Following an earlier consultation with Canadian elected officials and other movie studios, Warner Bros decided to enforce a ban on all previewing of its films in Canada until Canadian legislation is changed to make it illegal for Canadian residents to record a film in a Canadian theatre.

According to Warner Bros’ Senior Vice President, Worldwide Anti-Piracy Operations, Darcy Antonellis,  “Canada is the number one priority in terms of anti-camcording legislation,” Antonellis said. “Within the first week of a film’s release, you can almost be certain that somewhere out there a Canadian copy will show up. Within the last 12 to 18 months we’ve seen a significant increase in terms of first-source proliferation that shows up on the Internet and subsequently shows up as hard goods elsewhere.”

The Canadian Advantage

American entertainment companies have been trying to “encourage” the Canadian Government to modify Canadian copyrights’ laws for years in hope of making Canada’s copyrights laws similar to American ones. Some noteworthy differences between Canadian copyrights' laws and the United States,' include the right for Canadian to reproduce and copy music and videos for personal consumption, without any presumption that commercial gains are involved.

Another major difference is the limit on copyrights’ protection in Canada to 50 years after the death of the original author.
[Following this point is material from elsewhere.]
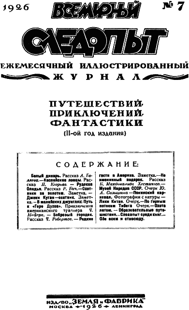 В редакцию «Всемирного Следопыта» доставлены для отзыва следующие книги изд-ва «Земля и фабрика»: Б-ка сатиры и юмора. Марк Твэн. Как я редактировал газету. Рассказы. 32 стр. 13 коп. — Растраты и растратчики. Сборник рассказов. 32 стр. 13 коп. — Свэн Волчья жизнь. Рассказы. 32 стр. 13 коп. — Милль-Полярный. Житейские соблазны. Рассказы. 32 стр. 13 коп. Рабоче-крестьянская б-ка. Павел Дорохов. Потоки. Рассказ. 32 стр. 12 коп. Т. Дмитриев. Тиханка. Рассказ. 20 стр. 12 коп. — Павел Лесняк. Мирская заступа. Рассказы. 32 стр. 12 коп. — Павел Лесняк. Соль. Рассказ. 32 стр. 12 коп. — Гусев-Оренбургский. Кошмар. Рассказы. 32 стр. 12 к. — Под'ячев С. Карьера Дрыкалина. Рассказ. 32 стр. 12 коп. Б-ка молодежи. Иван Кундрушкин. Ванька острожник. Повесть. 80 стр. 50 коп. Владимир Ветров. Кедровый дух. Повести и рассказы. 192 стр. 1 р. 30 к. Эгон Эрвин Киш. Неистовый репортер. Заметки обыкновенного человека. Перев. с немецкого Александра Оленина. 128 стр. 80 коп. — Вл. Бахметьев. Железная трава. Собр. соч., т. II. Рассказы. 176 стр. 1 р. 80 к. — Неверов А. Полное собрание сочинений, т. V. «Ташкент — город хлебный». Повести, рассказы, пьесы. 288 стр. 2 р. 60 к. — Ляшко Н. Никон из заимки. Рассказы. 132 стр. 1 р. 45 к. — Алтаев, Ал. Декабрята. Из истории восстания декабристов. 148 стр. 1 р. — Сергей Григорьев. Гибель Британии. Повесть. 120 стр. 85 коп.

The United States, at the behest of entertainment companies and rich copyrights holders have repelled the limit of exclusive copyrights several times.

Canadians pay a levy on blank CD-Roms and DVDs which is sent to copyrights holders, even if the blank recordable devices were purchased for corporate needs or feature no music or film data belonging to third-party copyrights’ holders. Strangely, the various copyrights’ lobby groups, such as the Canadian Recording Industry Association, do not complain about this policy.

Good Canadian Governance

The existing Canadian law is a good mix of public interest, privacy and commercial concerns and should be the model adopted by all countries, as opposed the United States’ restrictive model. Copyrights’ holders promoting stronger protective measures, often forget to consider the benefits of these policies to consumers. If the consumer does not directly benefits either from such policies, stronger laws are not balanced and therefore not in the public interest.

The attack on camcorder copies of films is exaggerated. They are of poor qualities and viewed by a minority of potential consumers. Movie goers and music lovers are not pirates going out of their ways to steal copyrights holders. Although Canadian, and a frequent movie goer, I have never seen someone record a film in a Canadian theatre. Even with Warner Bros' appeal, this marginal activity will not become more popular.

As for the punishment Canadians will feel about not being able to preview an American film before their release date, only a few souls will be penalized. For all it’s worth, Warner Bros’ action is a ludicrous penalty and a desperate attempt to gather public sympathy for a lobby group that deserves contempt.